Speech Recognition beyond Our First World Problems
October 17, 2011
It’s easy to get caught up in our high-tech lifestyle and overlook the impact of the latest innovations on the less fortunate. The annoyances of our everyday problems pale in comparison with the third world. How many times have you caught yourself saying, “Ugh, the iPhone’s camera sucks at nightshots.” As the popular Twitter (News - Alert) trending topic coins it, these every day annoyances are categorized as #firstworldproblems. These #firstworldproblems occur more than you realize – riding the T in Boston the other day, I caught my friend complaining about how terrible the Wi-Fi was. I had to point it out to him – #firstworldproblems.
While iOS5’s release might not have a huge impact on the illiterate, monolingual folks living in overpopulated third world countries, its speech recognition abilities certainly do. Yes, speech recognition has broader applications than allowing you to speech-to-text your SMS messages during your commute (#firstworldproblems). There are exciting innovations in speech recognition that will address communications problems the plague the under-served third-world market. Each day, this technology gets more and more widely available and affordable.

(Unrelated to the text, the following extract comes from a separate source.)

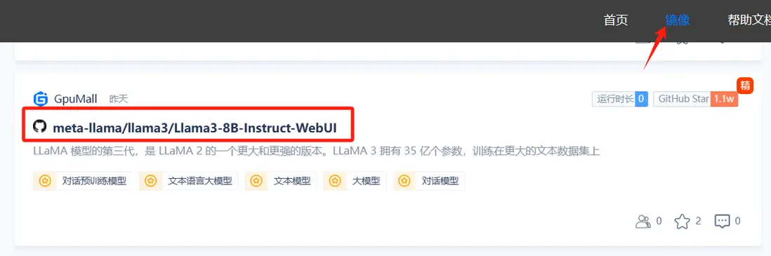 複製下方鏈接至瀏覽器,直達鏡像社區一鍵體驗LIama3!https://gpumall.com/image-list

Here are a few of these applications that you may or may not have heard about:
Google Translate “Conversation Mode:”
Released at the beginning of this year exclusively on Android (News - Alert) (wahhh #firstworldproblems), the revamped Google Translate application allows Person 1 to speak into the application in his or her native language, and the application directs this speech instantly into text. It then translates into Person 2’s native language, and reads the bit out-loud in Person 2’s native language. This occurs visa-versa and in realtime, creating the sci-fi landscape where two people can communicate instantly with one another without speaking the same language. Don’t get too excited, because, while Google (News - Alert) Translate is offered in a whole slew of languages, Conversation Mode is currently only available in English and Spanish. Not to mention the limitations of Google’s voice recognition. It’s not hard to envision a poor translation producing an unintentionally offensive comment – the customer’s relationship with Conversation Mode would quickly sour.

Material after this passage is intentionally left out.